Novos conselheiros têm boas expectativas para atividades do CEC neste ano

Os novos conselheiros de cultura da Bahia demonstraram entusiasmo com as perspectivas de debates e avanços na elaboração e consolidação de proposições e colaborações com as políticas públicas na área. Empossados em março, eles participaram nesta quinta-feira, 12, das primeiras plenárias do CEC em 2018. 

Eleito conselheiro como representante do território do Sudoeste Baiano, Gilmar Dantas considerou que as plenárias revelaram bastante disposição para o debate e que pretende atuar no fortalecimento das pautas dos territórios.

“É um conselho quente, em que há muito debates e discussões.

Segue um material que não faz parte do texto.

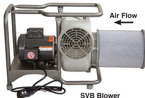
SVB Blower sold separately

The inlet filter is designed for Air Systems' SVB series of portable industrial blowers. The unit filters inlet ambient air so workers in a confined space are not exposed to ambient dust. The system controls dust and particulates from entering a confined space where industrial coatings are being applied. The filter also reduces the potential for dust ignition in a confined space when used with an explosion-proof or intrinsically safe blower. Filters are available with a 5 micron or 99.97% HEPA rating.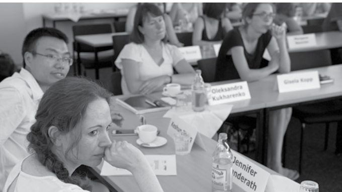
Fellows at the Jour fixe

The University of Konstanz has been successful in the German Excellence Initiative and Excellence Strategy since 2007. The Zukunftskolleg is a keystone in the University of Konstanz's institutional policy to promote top-level research and is funded by the German federal and state governments' Excellence Strategy.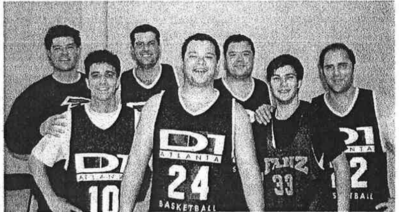
Members of the Atlanta Chapter #1 basketball team celebrate a first place win in the mid-winter tournament

We look forward to more great competition at the invitational tournament (open to all Districts) hosted by District 1 in Atlanta, GA as part of the Labor Day Weekend festivities.

É um momento novo para o Conselho com a entrada dos 10 novos conselheiros. Acredito que a pauta da territorialização da cultura virá mais forte neste novo momento. Sinto desde já que há uma tendência de união, entre os novos conselheiros representantes de território e aqueles que aqui já estavam, em torno deste tema e de modo a retomar a força desta pauta nas políticas públicas de cultura no Estado. O tema da ausência hoje de representantes territoriais de cultura em diversos territórios de identidade foi levantado e outros tópicos serão suscitados”, comentou.

Já Nilo Trindade, conselheiro eleito pelo segmento de associações culturais, ao tempo em que demonstrou apreciar o debate democrático que marcou as reuniões desta quinta, defendeu maior pragmatismo.

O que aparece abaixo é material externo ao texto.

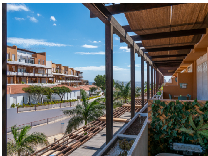
Partial sea views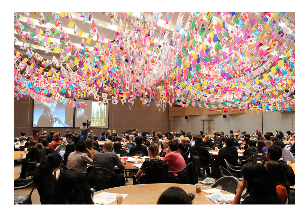
World Biennial Forum No 1: Shifting Gravity (2012), Gwangju, South Korea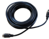
Part Number 3271581 4 PIN M12 CABLE, 6 m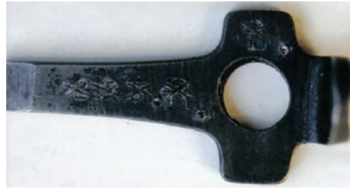
Above and below are many tools from the era after WWI that have various police stamps. The meaning of the "L." is not yet known.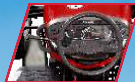
12+12 SOLIS SHUTTLE SHIFT

“Acredito que os conselheiros precisam readequar sua linguagem, precisam abordar os temas de um modo mais popular e claro. Nós estamos aqui para desenvolver um trabalho que contribua e fortaleça com a Cultura em toda a Bahia e não devemos nos perder em debates inconclusivos” disse Trindade.

Representando o segmento de formação cultural, a conselheira Suely Melo avaliou que é necessário ajustar o planejamento ao orçamento do CEC. 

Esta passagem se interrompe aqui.